I've been tutoring a Finance student in calculus recently before his exam on Wednesday. I warned him I didn't know any Finance stuff but he said it was straight maths. And afaict they were just taught plain calculus, he showed me the last few worksheets and chapters and the latter could have come straight out of any not-very-good first year calculus course.

Unfortunately, the worksheets couldn't, and contained finance terms I had never seen before and which the notes didn't mention. And there's no textbook.

One question said "what is the marginal production?" but once google revealed that "marginal product" was a quantity I'd already calculated in a previous question I was ok.

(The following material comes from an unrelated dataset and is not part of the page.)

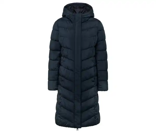 Steppmantel mit Kapuze, dunkelblau Farbe: Dunkelblau Material: 100% Polyester Maße: Gesamtlänge ca. 101,5 cm (Gr. 40) Passform: Regular Fit Weiche, wärmende WattierungVorderseite mit 2-Wege-ReißverschlussZusätzliche Windschutzleiste mit DruckknöpfenEingrifftaschen mit DruckknopfWiener Nähte für eine feminine SilhouetteElastischer Ärmelabschluss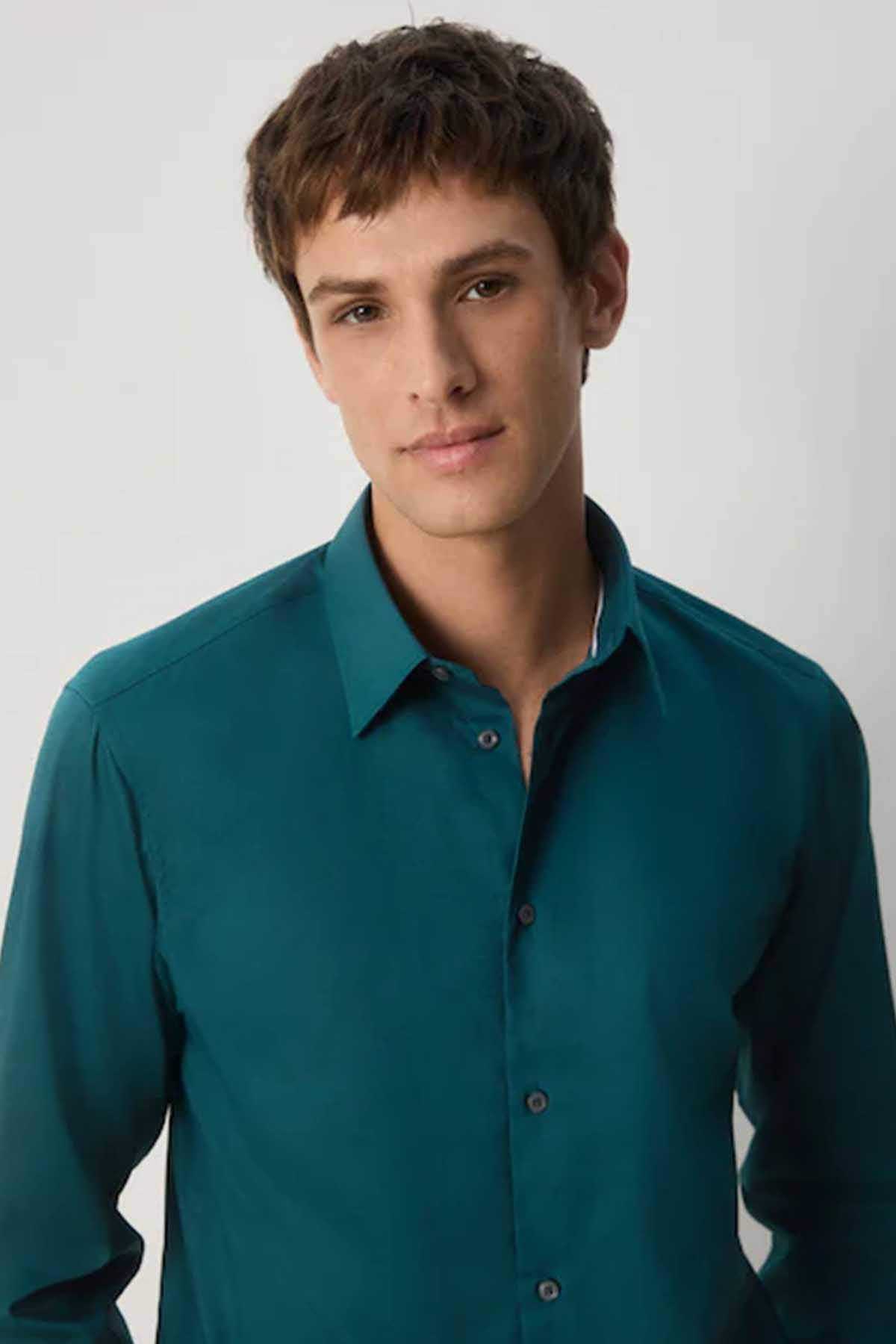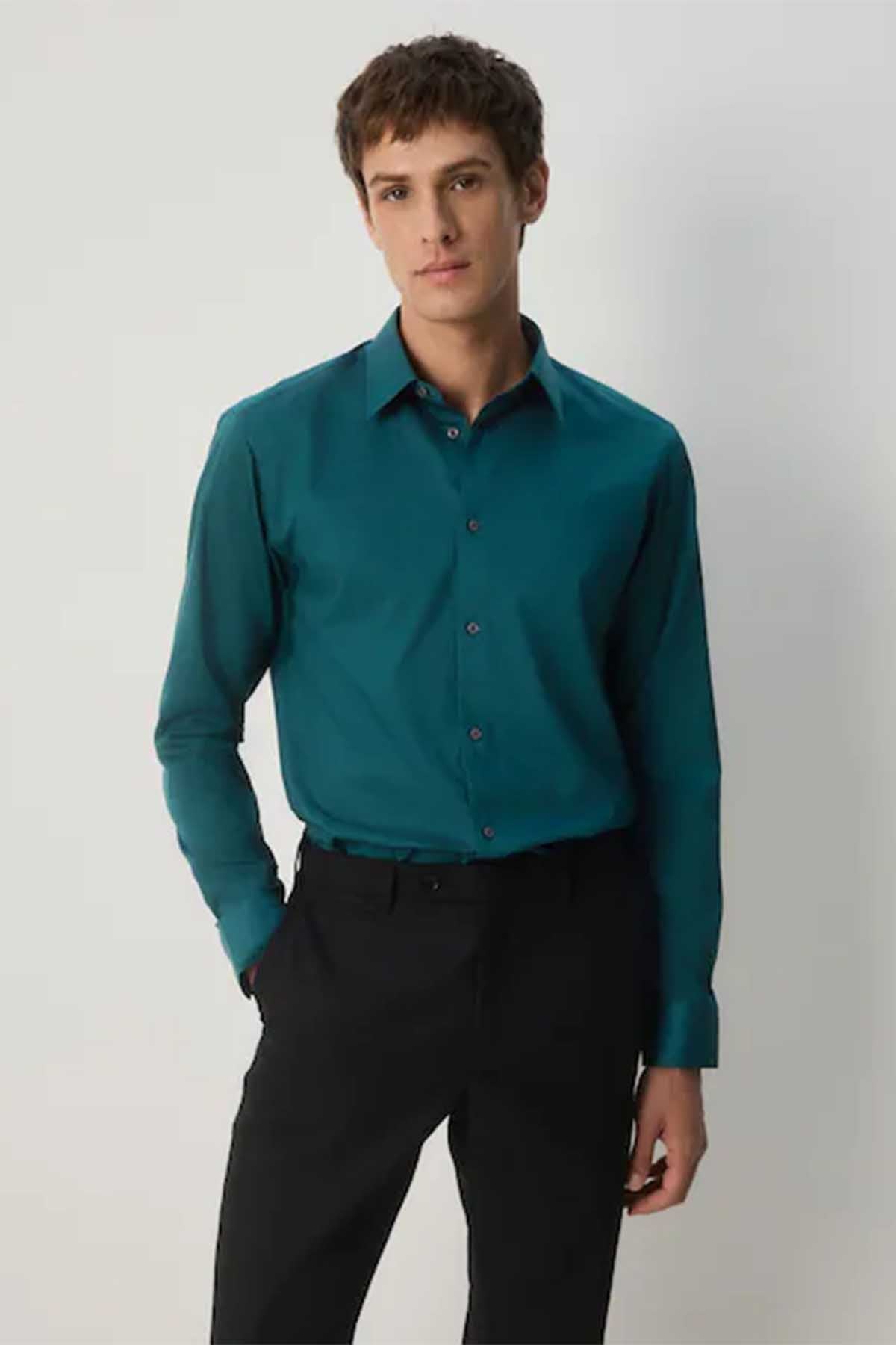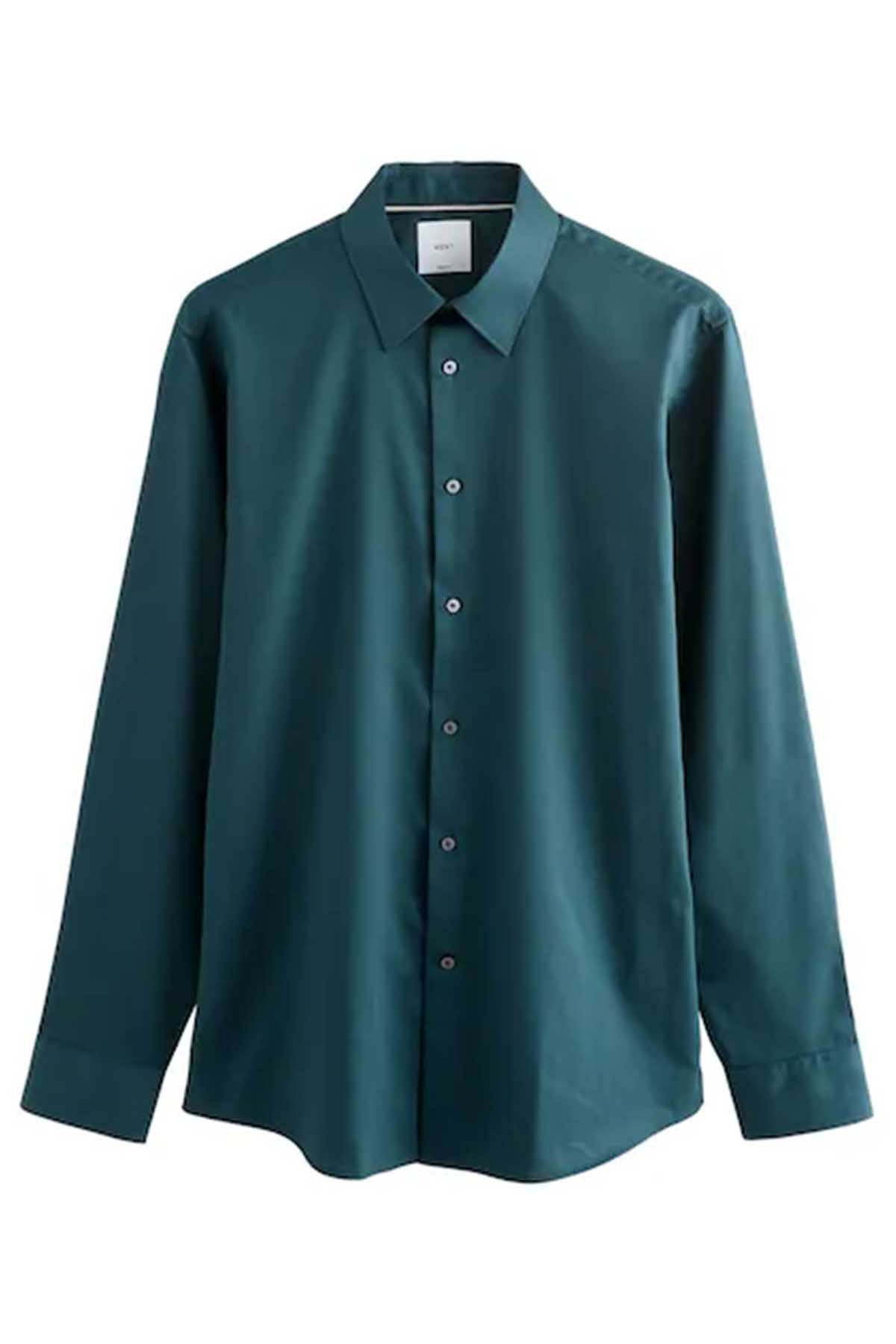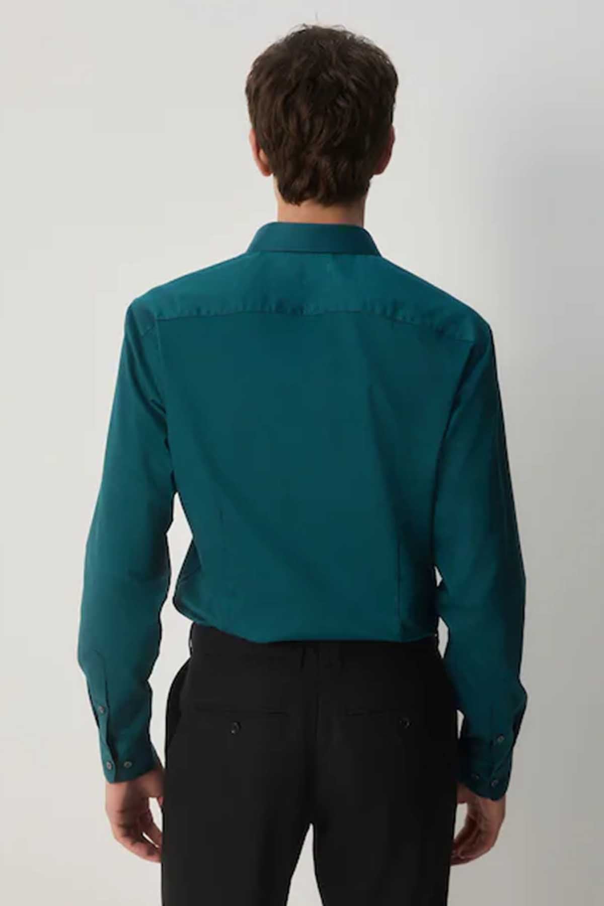 Teal Blue Slim Fit Easy Care Textured Single Cuff Smart Shirt

But another said something like "Use the Mean Variance Portfolio Method to calculate the optimal value of L". I have never heard of the Mean Variance Portfolio Method. And what the hell was L? Google was no help until I realised the lecturer might be using a slightly off phrasing again, at which point I found Modern portfolio theory. The student paled at all the equations, I paled at the stats and finance, and even with the answers to the worksheet question in front of me I only managed to reverse engineer about half of it before he said "You know what, I'm never going to learn that by Wednesday. I'll just concentrate on the stuff I almost have the hang of."

I've encountered this sort of thing a lot, where students are made to feel stupid for not being able to answer questions they haven't been given the tools to solve. This combines badly with the common misconception that maths is hard and makes no sense, and that if you don't get it immediately you must just be too dumb to ever understand.

Grr!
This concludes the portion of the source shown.